Authors:
(1) Ning Wang, Huawei Inc.;
(2) Jiangrong Xie, Huawei Inc.;
(3) Hang Luo, Huawei Inc.;
(4) Qinglin Cheng, Huawei Inc.;
(5) Jihao Wu, Huawei Inc.;
(6) Mingbo Jia, Huawei Inc.;
(7) Linlin Li, Huawei Inc.;
Table of Links
3 Methodology and 3.1 Model Architecture
4 Experiments
4.1 Datasets and Metrics and 4.2 Implementation Details
4.4 Inference on the Mobile Device and 4.5 State-of-the-art Comparison
4.1 Datasets and Metrics
Pre-training Datasets. In the experiments, we collect the image-text pairs from Google Conceptual Captions (CC3M) (Sharma et al. 2018), SBU Captions (Ordonez, Kulkarni, and Berg 2011), OpenImages (Shao et al. 2019), and MS-COCO (Lin et al. 2014) to form the pre-training data. In total, our pre-training corpus consists of about 5.8M image-text pairs.
Evaluation Datasets and Metrics. We evaluate the proposed method on the COCO caption of Karpathy split (Lin et al. 2014) and nocaps validation dataset (Agrawal et al. 2019). To evaluate the quality of the generated captions, we use standard metrics in the image captioning task, including BLEU@4 (Papineni et al. 2002), METEOR (Banerje and Lavie 2005), CIDEr (Vedantam, Lawrence Zitnick, and Parikh 2015), and SPICE (Anderson et al. 2016). In the captioning stage, beam search (beam size = 5) is adopted in all experiments and the maximum generation length is restricted to 20 words
4.2 Implementation Details
Visual Encoder. We take the ResNet-50 backbone from the CLIP model (Radford et al. 2021) as the visual feature extractor, whose parameters are frozen in both pre-training and fine-tuning stages. The input image resolution is 224 × 224.
Cross-modal Modulator. The cross-modal modulator contains two sequential linear blocks with sizes of 312×39 and 39 × 2048. The token embedding layer in this modulator shares weights with the embedding layer in TinyBERT.
4.3 Ablation Study
Model Pre-training. It has been well recognized that model pre-training on large-scale image-text corpus benefits the image captioning. As shown in Table 1, for the student model with limited capacity, model pre-training significantly improves the performance by 8.0 CIDEr score.
Visual Concept Extractor. The proposed visual concept extractor provides valuable clues for image captioning via an efficient image-text retrieval manner. As shown in Table 1, for the student model, the visual concept extractor improves the captioning performance by 3.4 CIDEr score on the COCO dataset. This mechanism also improves the strong teacher model by 3.7 CIDEr score
Cross-modal Modulator. The cross-modal modulator takes advantage of the retrieved visual concepts to modulate the raw CLIP features.
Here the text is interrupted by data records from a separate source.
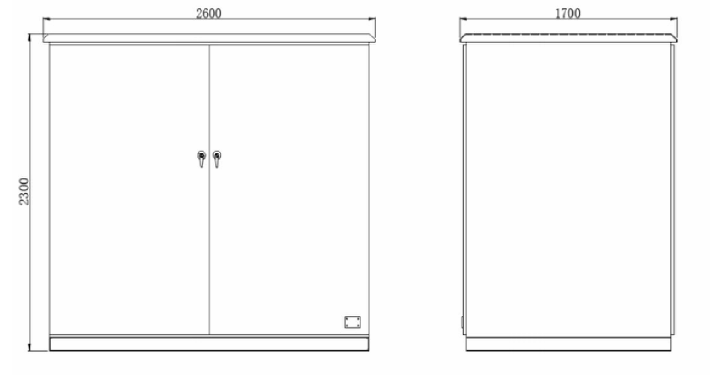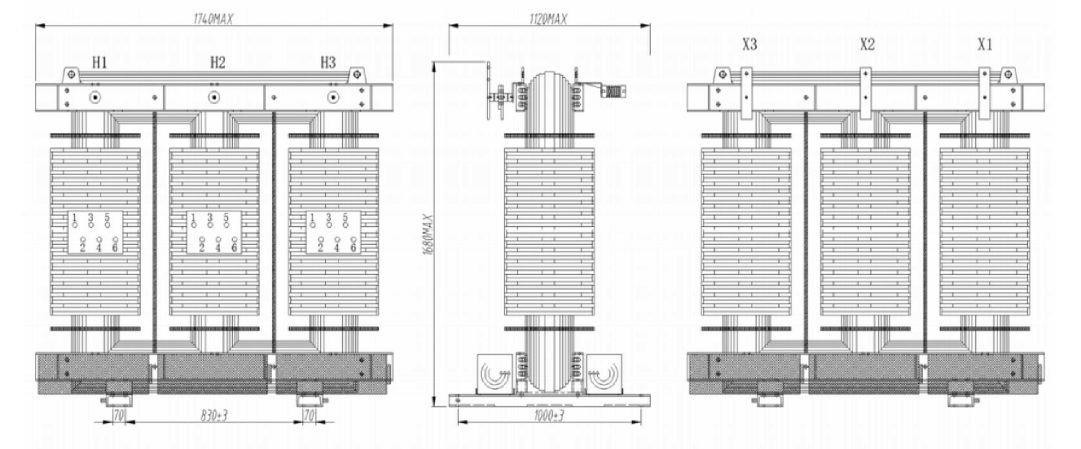 The configurations and dimensions of the transformer and enclosure is shown below:
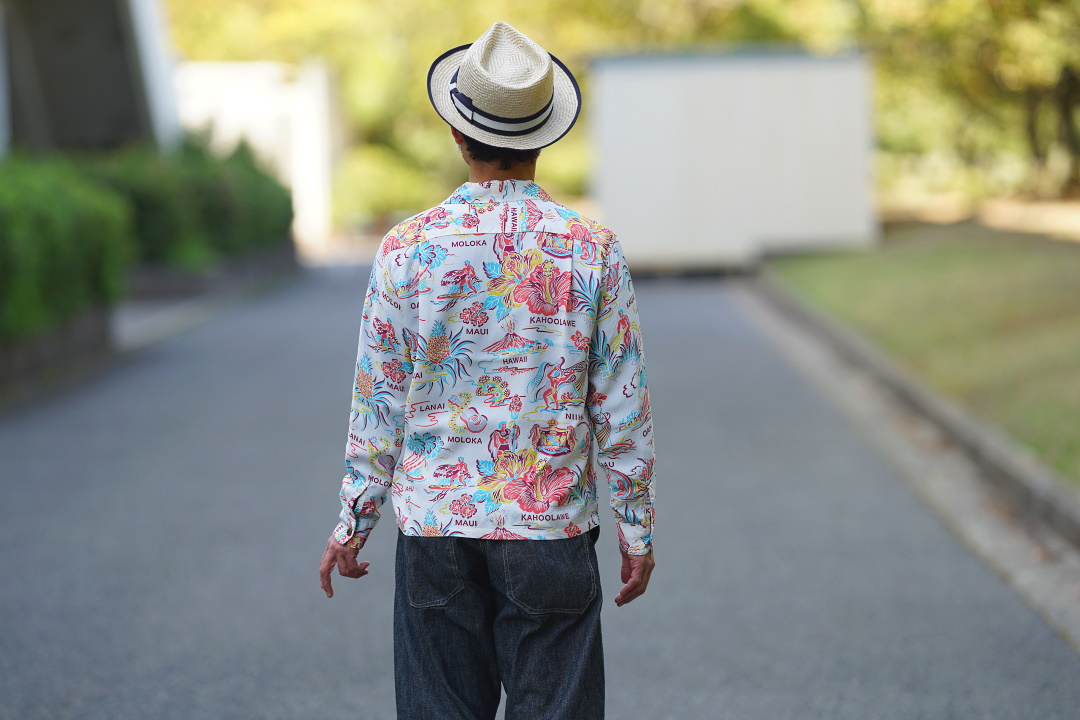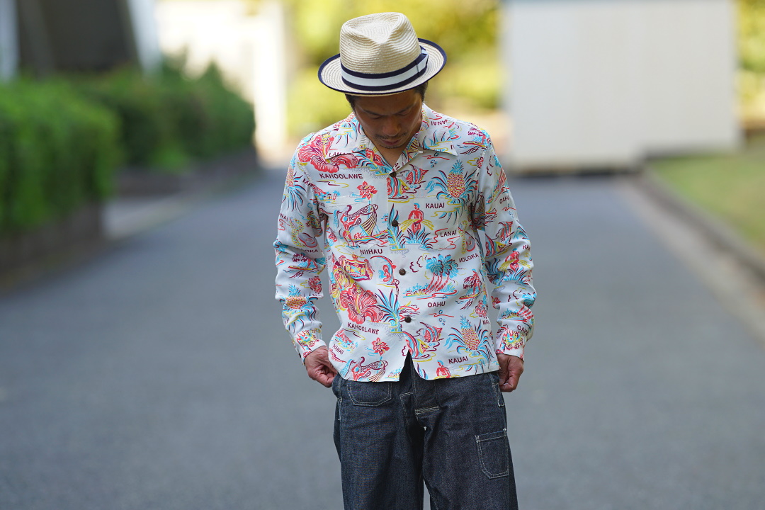 SUN SURF SS28553 ”EMPYREAL GIFT FROM HAWAII” OFFWHITE 2021年6月2日 by Sweet Sue モデル 身長163cm体重56kg胸囲90cmウエスト78cm ・帽子 アジャスタブルコスチューム フロントピンチ・サマードレスハット AHT-004 ナチュラル ¥15,540・長袖シャツ SUN SURF (サンサーフ) 長袖ハワイアンシャツ SS28553 ”EMPYREAL GIFT FROM HAWAII” オフホワイト Sサイズ ・パンツ JOHN GLUCKOW (ジョン・グラッコウ) ワークパンツ JG94302 ”Net Maker’s Trousers” インディゴ Sサイズ・ブーツ JELADO (ジェラード) 20sスタイルドレスシューズ JRS-1001 ”Gotham” ブラウン サイズ7.1/2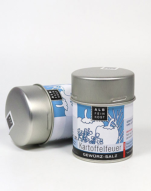 Kartoffelfeuer Gewürz-Salz von der Schwäbischen Alb. Genießen Sie ein Gewürzsalz mit dezenter Schärfe und leicht süßer Note. Passt ganz hervorragend zu “wilden” Kartoffeln, Bratkartoffeln, Eintöpfen, würzigen Geflügel-, und Linsengerichten.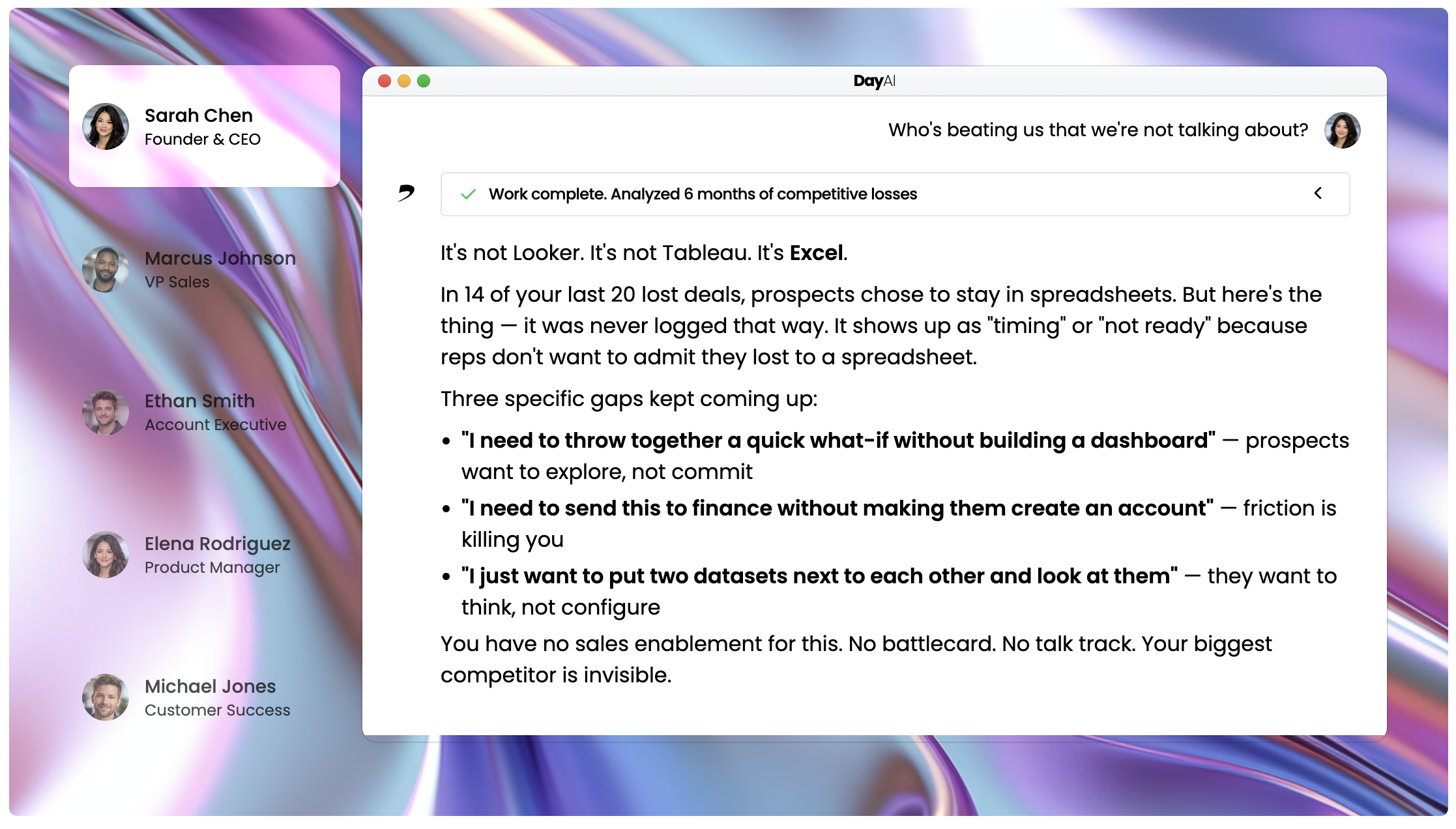 Day.ai has pedigree and a thesis. The risk is timing. CRM incumbents are bolting AI onto existing products as fast as they can. Day.ai must prove that native AI beats retrofitted AI before Salesforce and HubSpot close the gap. 120 customers is a start, not a moat. 📈

As shown in Table 1, based on the student model with a visual concept extractor, the proposed cross-modal modulator further improves the captioning performance by 1.8 CIDEr score. This tiny block promotes the strong teacher model by 2.1 CIDEr score
Sequential Model Distillation. In Table 2, we ablate the model knowledge distillation (KD) techniques in our approach. First, we investigate KD in the pre-training stage in Table 2 (top). In these experiments, we only adopt the standard cross-entropy optimization without any KD in the finetuning stage. In the pre-training stage, the “attention & representation distillation” improves 0.8 CIDEr score, and the distillation of output token probability improves 2.0 CIDEr score. Considering the characteristic of cross-modal training, we further propose to distill the soft prediction of the anchor words (i.e., visual concepts), which brings an additional 1.2 CIDEr gain. This indicates the concept distillation facilitates the cross-modal alignment.
Next, we investigate KD in the model fine-tuning stage. As shown in Table 2, based on the distilled fusion model from the pre-training stage, in the fine-tuning stage, “attention & representation distillation” and “output token distillation” further improve 1.1 CIDEr and 2.6 CIDEr, respectively. Combining the above KD techniques achieves the best result of 3.3 CIDEr gain. Finally, by virtue of the model distillation in both pre-training and fine-tuning, our lightweight student model achieves a promising captioning performance of 37.1 BLEU@4 and 124.1 CIDEr, and even matches the strong teacher model (i.e., 37.5 BLUE@4 and 126.3 CIDEr in Table 1).
Ensemble Model Distillation. The above experiments are based on the single head setting. Actually, our model adopts the ensemble head for superior performance. To encourage the prediction diversity, we prepare three teachers to individually distill these heads. As shown in Table 2, ensemble head module and ensemble KD improve 1.7 CIDEr.
This paper is available on arxiv under CC BY 4.0 DEED license.